MicroPort reveals results of trial comparing DES to Abbott’s Xience devices
MicroPort Scientific reported today that its Firehawk sirolimus-eluting stent met the 12-month primary endpoint of the company’s Target All-Comers trial, proving non-inferior to Abbott’s Xience drug-eluting stent.
The Target AC trial enrolled 1,654 patients at clinical sites around Europe. The study’s primary endpoint was the target lesion failure rate at 12 months. Patients participating in the trial will be followed for five years following implantation, according to MicroPort.
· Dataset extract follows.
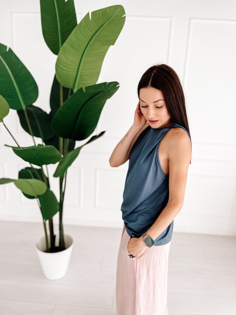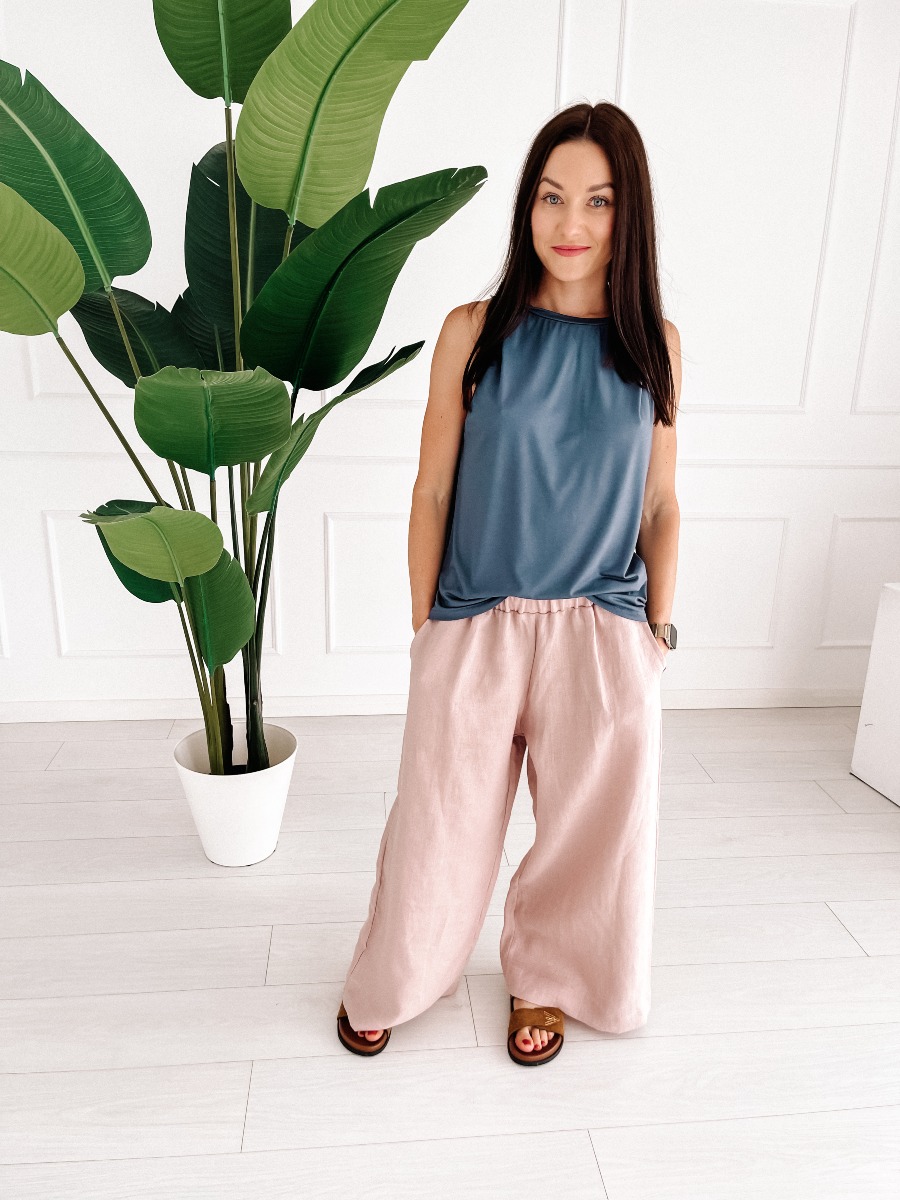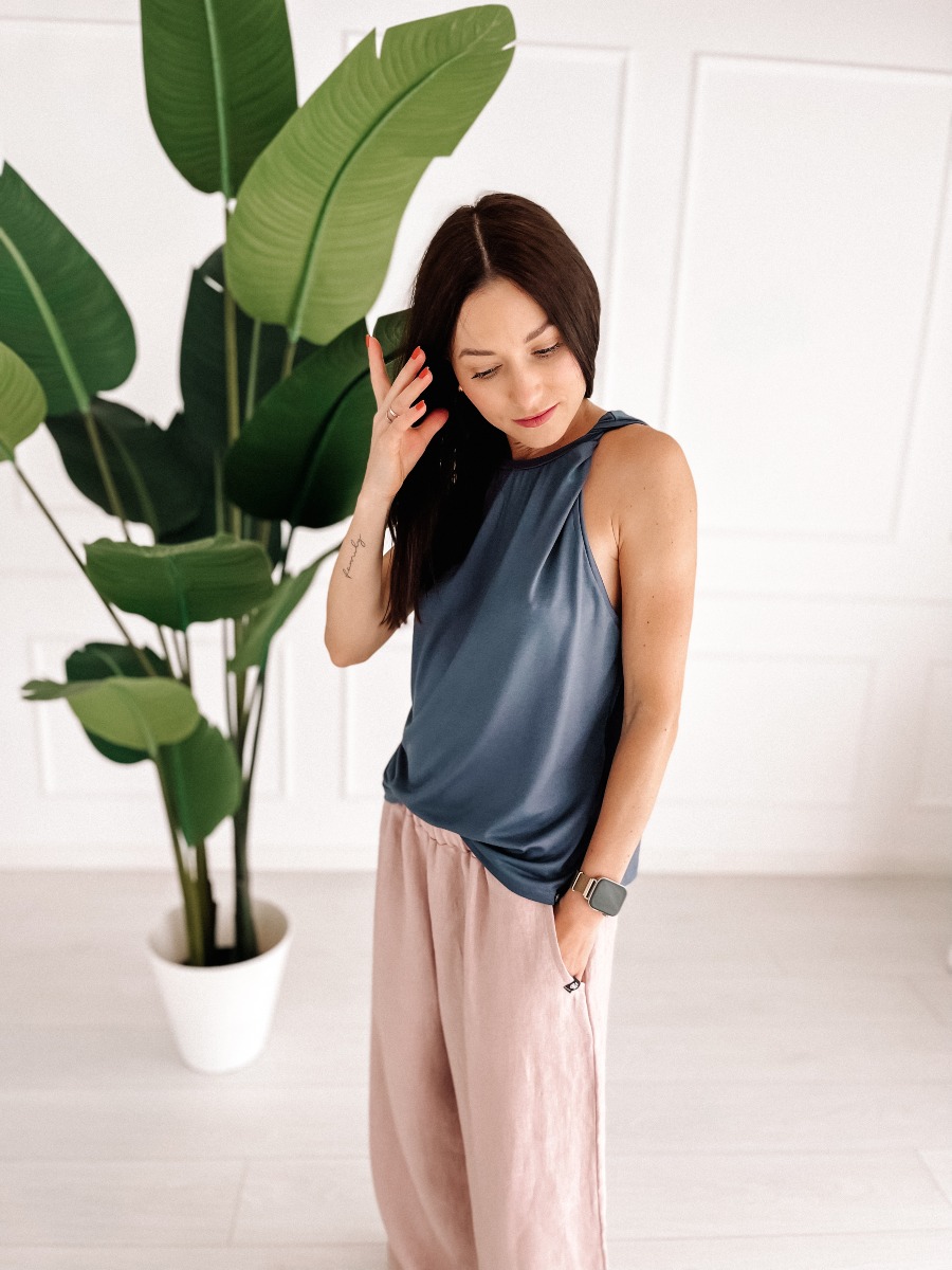 Top damski stalowo niebieski – lekki top na lato wiskoza z elastanem

“Data from the Target AC trial, which included the most complex patient real-world population in Europe, demonstrated exceptional performance and safety of the Firehawk stent,” principal investigator Dr. William Wijns said in prepared remarks. “With this European clinical data set, Firehawk has the potential to positively impact patient care by further reducing the risk of late adverse events and the need for device-mandated prolonged dual antiplatelet therapy, which is often associated with a higher risk of bleeding as well as increased patient treatment cost.”
The 12-month target lesion failure rate for patients treated with the Firehawk stent was 6.1% compared to a 5.9% rate for the Xience group. MicroPort also noted that the ischemia-driven target lesion revascularization rate was lower in the Firehawk group (1.2%) compared to the Xience group (2.4%).
“The remarkably low rates of target lesion revascularization at one year confirm the favorable outcomes associated with the innovative Firehawk stent design,” Ming Zheng, VP of clinical science & medical affairs, added.